* [DESCRIPTION OF THE TASK]: Below is a listing; retype exactly the line with "Poniemieckie / Karolina" and every line after it through the end, and only those, leaving out the pictures.
☆ ☆ ☆ ☆
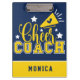 Muestra tu entrenador favorito de animador un espíritu de equipo con este portapapeles de personalizable en los colores de tu escuela de azul real, amarillo y blanco.
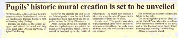 Avesha deWolfe, Arts Festival ceramicist, has worked with P6 students at Prestonpans Primary to add the latest mural to the town's ever growing collection
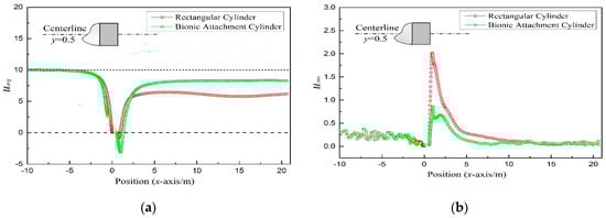 The distribution of time-average stream-wise x-velocity (uavg) along the centerline of the structure is shown in Figure 9a. The centerline is a line along the x-axis in the middle of the structure (y = 0.5 m) of the flow field. For the rectangular cylinder, uavg stagnated at zero on the windward side of the structure, and transited from negative to positive on the leeward side. Compared with the rectangular cylinder, the transition point was further to the leeward side, which meant that the wake vortex was further to the leeward side. In the wake far away from the structures, uavg of the bionic attachment cylinder was larger and closer to the inlet velocity (U = 10 m/s). This meant that the obstruction of the bionic attachment structure to the fluid was reduced, and the energy of the wake was enhanced. The root-mean-square velocity (urms) represents the fluctuation intensity of velocity. urms of the rectangular cylinder had a large peak behind the leeward side, while urms of bionic attachment cylinder was low and stable (Figure 9b). It shows that the streamline shape of bionic attachment structure has less influence on the flow field.
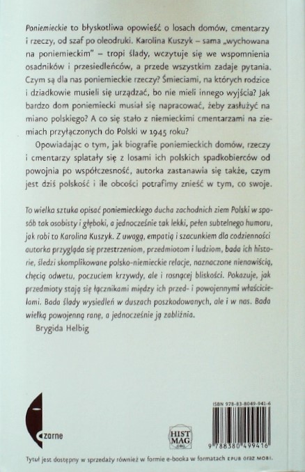 Poniemieckie / Karolina Kuszyk. - Wołowiec : Wydawnictwo Czarne, 2019. - 458, [5] stron ; 20 cm.
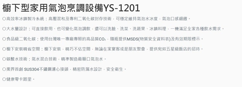 yaffle 亞爾浦 櫥下型 YS-1201 家用氣泡水機 (氣泡水、冰水、熱水、常溫水一次擁有
☆ ☆ ☆ ☆
* [SOLUTION BELOW]:
 Poniemieckie / Karolina Kuszyk. - Wołowiec : Wydawnictwo Czarne, 2019. - 458, [5] stron ; 20 cm.
 yaffle 亞爾浦 櫥下型 YS-1201 家用氣泡水機 (氣泡水、冰水、熱水、常溫水一次擁有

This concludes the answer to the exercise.